Old 97’s & Waylon Jennings

The first thing you hear is an electric guitar with a three-pack-a-day rasp, Duane Eddying its way through a twangy hook; the bass string – fretted at F – rings out, barking against the rest of the riff as it chases its tail to resolution. Another pass through and here comes the snap of the snare and the bawoop of the bass falling into position with a second six-string chugging out the rhythm as the lead guitar twangorams its way to a big open chord to end the intro.

Omnivore Recordings

Omnivore Recordings

And then comes the voice – that voice:

A hundred lists of reasons I keep ‘round
Why I never had a family
Why I never settled down
Why I’d sooner in the mirror see a hobo lookin’ low
But the reasons now escape me as I walk the iron road

And there’s no question about who that is, boys and girls: that’s ol’ Hoss hisself, Waylon Jennings – lost to us all back in February of 2002, but live and powerful here on “Iron Road” – one of two tracks recently unearthed from the vaults of the Old 97’s.

The backstory is a cool one that could have come right out of the pages of Head Neck Outlaw Country Comix, if there ever had been such a thing: young alt-country band (that would be the Old 97’s) plays a radio convention as they await the release of their debut album back in 1996; one of their heroes (that would be Waylon) is sitting in the front row during their gig – which blows the collective minds of the young band. Soon after said gig, the old hero brags up the young band to a big-league newspaper (that would be the Austin Chronicle), which doesn’t hurt their cause one bit. The band writes their hero a letter of thanks, summoning up the courage to add that if he ever wanted to make some music together …

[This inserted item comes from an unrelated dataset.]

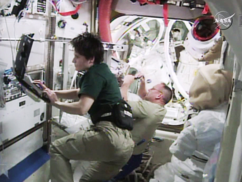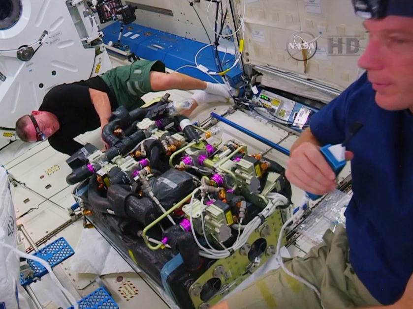 Italian astronaut Samantha Cristoforetti and Commander Barry Wilmore began fan pump separator replacement work Tuesday on a U.S. spacesuit. Cristoforetti started her day with medical science collecting saliva and urine samples for stowage in a science freezer. NASA astronaut Terry Virts worked on a variety of science including updating Ultrasound scanner software, checking a botany …

Ol' Hoss and the boys in the studio (Photo from North Folk Sound)

Ol’ Hoss and the boys in the studio (Photo from North Folk Sound)

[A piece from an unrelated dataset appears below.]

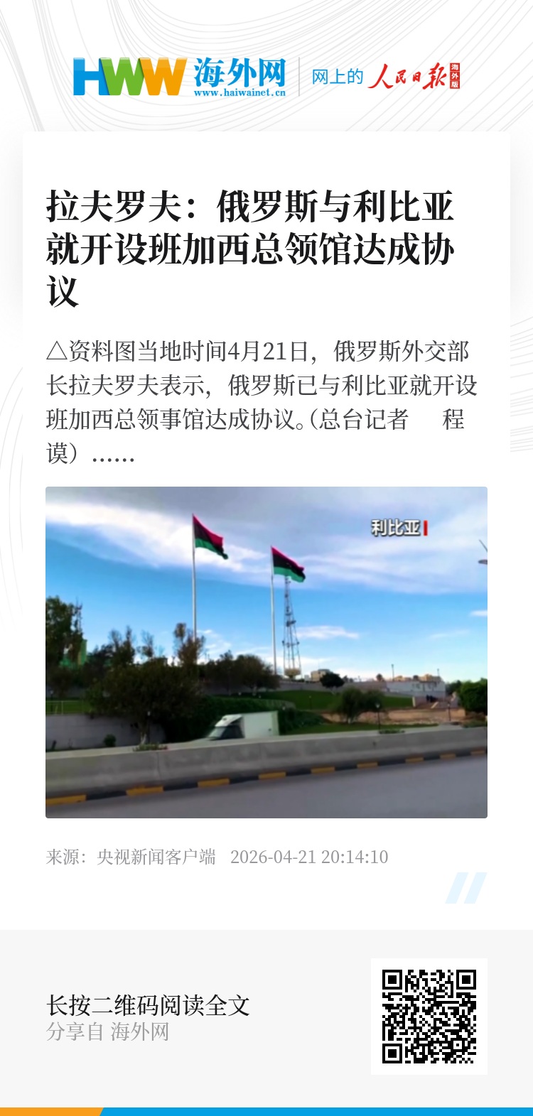 当地时间4月21日,俄罗斯外交部长拉夫罗夫表示,俄罗斯已与利比亚就开设班加西总领事馆达成协议。(总台记者 程谟)

Old 97’s & Waylon Jennings is a six-tune EP that offers up the results of an historic sitdown in a Nashville studio back in 1996 between Jennings and the Old 97’s (guitarist/vocalist Rhett Miller, guitarist Ken Bethea, Murray Hammond on bass and vocals, Philip Peeples on drums). To be clear, only the two opening cuts are from the multi-generational outlaw country summit – but the remaining four demos will tickle both newcomers to the world of the Old 97’s and longtime riders alike.